The teams, made up of Boeing, Inmarsat, France's Thales Group, the United States National Transportation Safety Board (NTSB) and the Australian Defence Science and Technology Organisation, were said to be "divided in their conclusions about where to concentrate the search", the Wall Street Journal reported.
One unnamed sonar expert also expressed his doubts to the WSJ over the likelihood of locating the plane, given the 'dispute-filled' atmosphere among the stakeholders.
But Martin Dolan, the Australian Transport Safety Bureau chief commissioner, was quick to play down any rift.
"There is no disagreement just the deliberate application of differing analysis models," he said.
These models have identified two priority search areas based on two assumptions: first where the plane flew on autopilot until it ran out of fuel and the second the possible flight paths identified by satellite signals from the plane.
Dolan stressed, however, that despite the different methodologies all stakeholders agreed the final resting place of the missing plane was along the so-called 'seventh arc' in southern Indian Ocean, located 100km away from Western Australia.

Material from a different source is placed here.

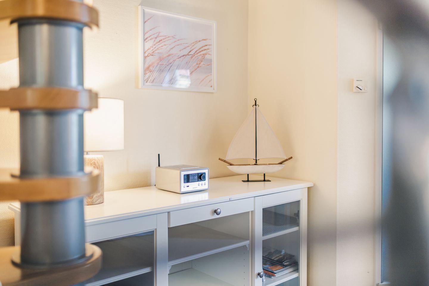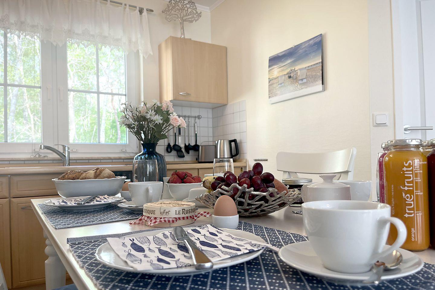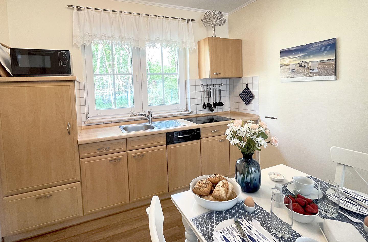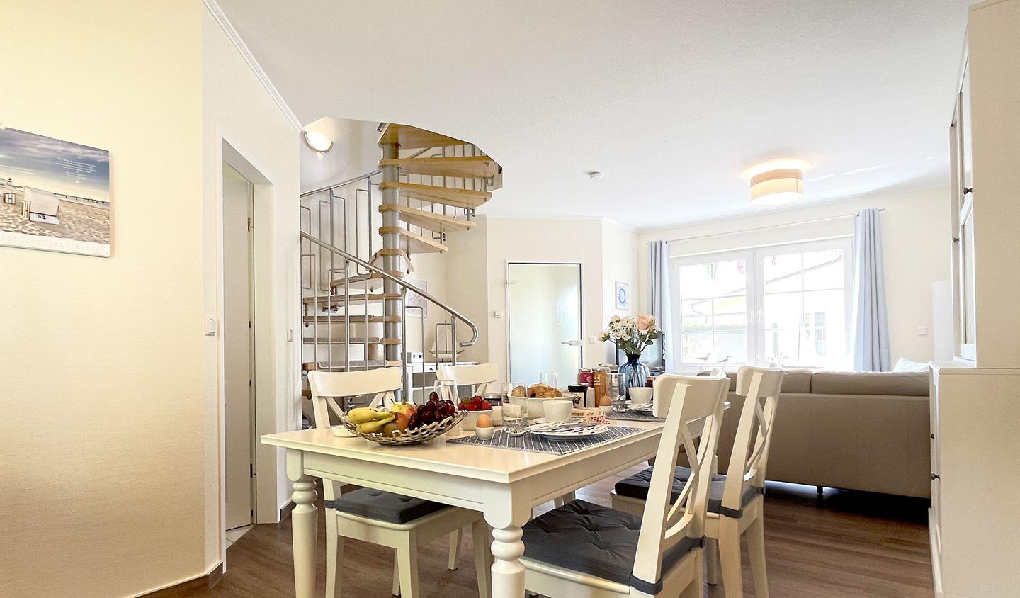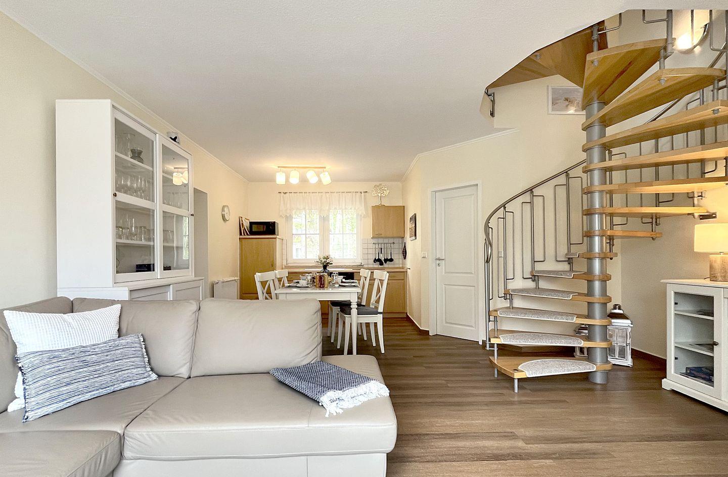 Die liebevolle eingerichtete Doppelhaushälfte liegt in bester Lage zum wunderschönen Strand in Zingst. Das Haus wurde 2023 komplett renoviert und größtenteils neu möbliert. Im Erdgeschoss befindet sich der gemütliche Wohnbereich mit Flat TV, Sofaecke und einer offenen Küche mit großzügigem Essbereich. Weiterhin befindet sich im Erdgeschoss ein komplett renoviertes, modernes Duschbad mit Fußbodenheizung. Die beiden Schlafzimmer befinden sich im Obergeschoss, welche über eine Wendeltreppe zu erreichen ist. Eines der Schlafzimmer verfügt über ein großes, bequemes Doppelbett. Das andere Schlafzimmer ist mit zwei komfortablen Einzelbetten sowie einem Flat TV ausgestattet. Zudem befindet sich im Obergeschoss ein weiteres Gäste-Bad. Am Haus befinden sich zwei Terrassen (Ost- und Westausrichtung), auf denen Sie an sonnigen Tagen sowohl die Sonne genießen können, aber ein auch ein schattiges Plätzchen am Rande eines kleinen Wäldchens. Ein abschließbarer Abstellraum und ein Fahrradständer sich ebenfalls vorhanden.

It comes as the search is set to widen, based on new drift modelling by Australia, which has lead to to predictions the first debris from the plane could come ashore on Indonesia's Western Sumatra after about 123 days.
Peter Foley, search coordinator, said: "We are currently working to see if we can get an updated drift model for a much wider area where there might be possibilities of debris washing ashore."
No trace of the Boeing 777 has been found since the $90m (£57m) search was launched earlier this year. The Beijing-bound flight vanished on 8 March with 239 people on board.